Can you name a toxin present in cigarette smoke that's demonstratably more carcinogenic than polonium-210?

 

According to the Wikipedia article on the health effects of tobacco smoking, polonium-210 is by far the most potent carcinogen.

 

Next is nitrosamine, which can be eliminated to the point of undetectability by drying tobacco with indirect fire curing.

 

Following that is benzopyrene, which can be eliminated by vaporizing cigarettes rather than burning them.

 

The other 16 known carcinogens in cigarettes exist in negligible quantities, arguably insufficient to induce cancers.

 

Removing it would be like trying to remove the lead- sure, you could do it, but it would make a lot more sennse to spend the money on anti smoking campaigns.

 

Why?

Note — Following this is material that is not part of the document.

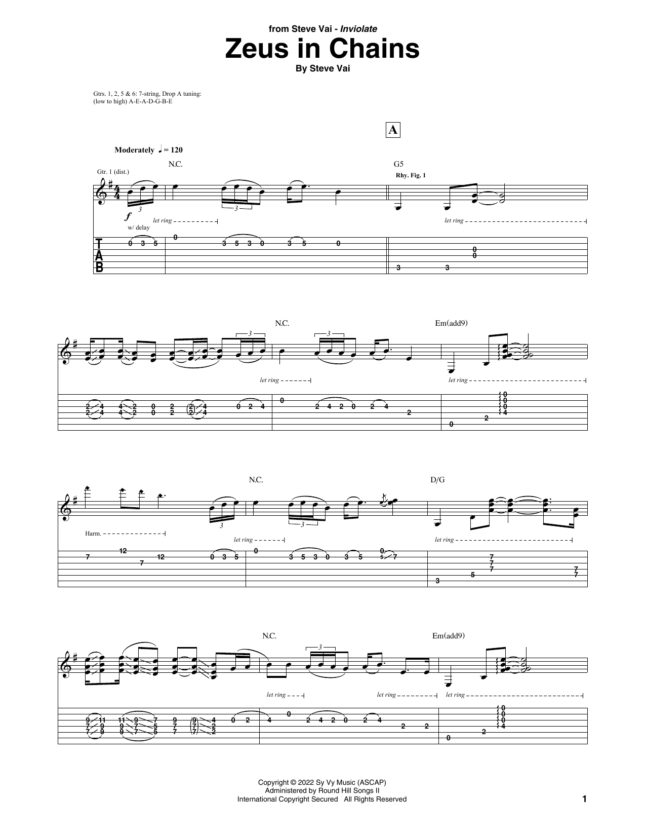 Download or print Steve Vai Zeus In Chains sheet music, chords and digital score arranged for Guitar Tab. This Rock score includes 15 page(s).

After some 40 years of anti-smoking campaigns the population of smokers is still on the rise. Is it better to just let them succumb to cancer?

 

People are dying because they're willingly consuming a product that contains poison. Two options here: Convince them to stop, or get rid of the poisons. We've tried the first option with increasing intensity for the past 40 years with negligible success. Why not try the second?

 

No it's an illustration of how small the quantity is. Comparing one carcinogen (Po) with 2 others (Cd and As) doesn't look unreasonable to me.

 

I'll again quote the Martell paper, with the relevant points you're ignoring bolded:

 

The high incidence of lung cancer in cigarette smokers is attributed to the cumulative radiation dose at bifurcations from indoor radon and thoron progeny--218Po, 214Po, 212Po, and 212Bi--plus that from 210Po in 210Pb-enriched smoke particles. It is estimated that a carcinogenic radiation dose of 80-100 rads[/b'] (1rad=0.01J/kg=0.01 Gy) is delivered to 10^7 cells ( 10^6 cells at individual bifurcations) of most smokers who die of lung cancer.

 

And again, there's a single, common, known source for the radioisotopes in tobacco. They all come from phosphate fertilizers which are contaminated with compounds from the radon decay sequence. In 1980 Martell proposed a solution: switch to fertilizers which are free of radioactive compounds. The tobacco industry said this was a "valid but expensive point":

 

http://tobaccodocuments.org/youth/CgHmPMI19800402.Me.html

 

There's another really important distinction between food and tobacco. Nobody really needs tobacco; if it all disapeared tomorrow it wouldn't kill anyone. Surely it makes more sense to worry about other things first.

 

As the Cap'n said... radioactive heavy metals and their compounds are readily absorbed by your digestive tract... while there is minimal exposure, it passes through your digestive tract and is expelled by natural processes.

 

Your lungs have natural processes for clearing foreign objects as well, but these processes cannot clear insoluble, radioactive polonium compounds. Instead the polonium sticks to your sensitive internal lung tissue and bombards it with extremely hazardous alpha radiation.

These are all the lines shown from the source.